Seattle battle a tragedy
By JEFFREY SIMPSON
Wednesday, December 8, 1999
The Battle in Seattle ended in an equal mixture of farce and tragedy.
The farce, predictably, arose from the symbiosis between protesters and camera. The resulting coverage conveyed the almost entirely erroneous impression that what happened on the streets influenced proceedings inside the World Trade Organization conference.
The tragedy will flow from the world community's failure to launch another multilateral trade round. Here are some of the likely results from that failure.
The European Union will continue its mountainous agricultural subsidies, thereby distorting world markets. These subsidies will embolden subsidizers elsewhere, notably in the United States, and put additional pressure on countries such as Canada to cough up more money. Canada cannot win a subsidy war with Europe and the United States.
Countries such as Canada and the United States will orient more trade policy toward regional blocs. Critics of the original Canada-U.S. free-trade deal insisted they had nothing against multilateral free trade, only bilateral or regional agreements. Well, the WTO's failure heads Canada back in that direction.
Developing countries need trade and aid, but more trade than aid. WTO failure means they will be frustrated in their attempts to raise their living standards through greater access to developed country markets. The EU and the United States continue to freeze out textiles, clothing and food products from the developing world. A new trade round might have improved those industries of developing countries.

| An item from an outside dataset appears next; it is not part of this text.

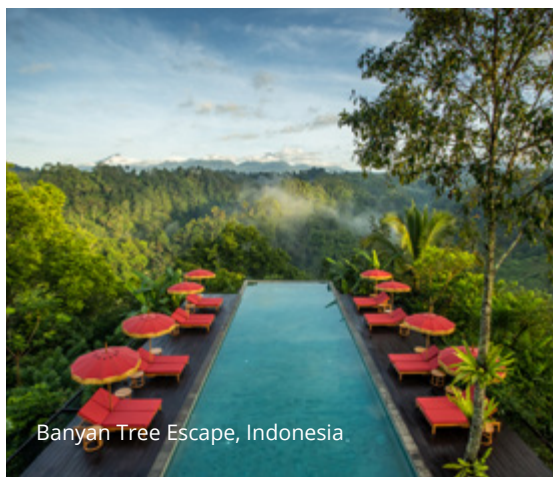
Banyan Tree Escape, Indonesia

The United States can continue its unilateral application of anti-dumping laws to the detriment of those countries that need access to that market to raise their living standards.
Canada will be allowed to impose tariffs of 200 per cent to 300 per cent on dairy and poultry products, thereby making it harder for Canadian food processors that need those products to be competitive on world markets. Canadian consumers will still be hosed. Canada also will miss a chance to forge a majority, if not a consensus, within the WTO on "cultural diversity," that is, justification for policies to protect cultural industries. The United States has successfully used the WTO against a Canadian policy it disliked (magazines) and may do so again.

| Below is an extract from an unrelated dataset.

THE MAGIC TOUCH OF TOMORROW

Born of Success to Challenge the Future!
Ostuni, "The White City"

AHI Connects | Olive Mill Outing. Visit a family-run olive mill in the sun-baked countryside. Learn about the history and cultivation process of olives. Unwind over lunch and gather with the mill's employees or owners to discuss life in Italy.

Canada, with its small internal market, depends more on foreign trade than any G8 country. An open, rules-based multilateral trading system that knocks down protectionism is manifestly in Canada's interest. Such a system encourages Canadian exports, creates jobs and raises living standards.

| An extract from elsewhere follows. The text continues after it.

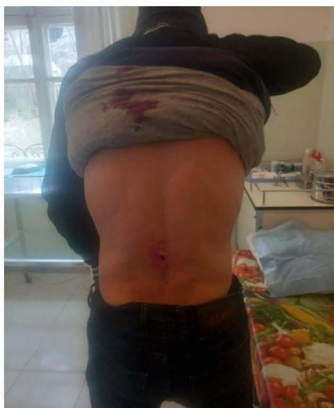
Image 5 . Injured civilian in Khrmort

A more open trading system, with better market access, helps raise living standards in developing countries. As any world traveller knows, concern about the environment rises with higher per-capita incomes. A strong WTO backing freer trade for developing countries would raise their environmental standards.
The WTO talks collapsed because of fundamental quarrels among the trading nations, not because of guerrilla theatre on the streets of Seattle. Television might have thought otherwise, and the demonstrators naturally insisted they had done in the WTO.
The WTO, critics alleged, is a closed shop and trade policy the prerogative of unaccountable negotiators. In Canada's case, a House of Commons committee produced a 300-page report in June based on the largest consultation it had ever held -- it heard from 85 "civil society" organizations and 64 individuals.
U.S. politics did its part, too, to block progress. President Bill Clinton, trying to shore up support for Vice-President Al Gore, made an unhelpful opening speech about labour standards that upset just about every developing country.
The WTO is not the cause of globalization and freer trade but the consequence. Since freer trade is not going away, the WTO is needed more than ever. Modified perhaps, but nonetheless needed. The Battle in Seattle foreclosed discussion about a better and stronger WTO, and was therefore a tragedy.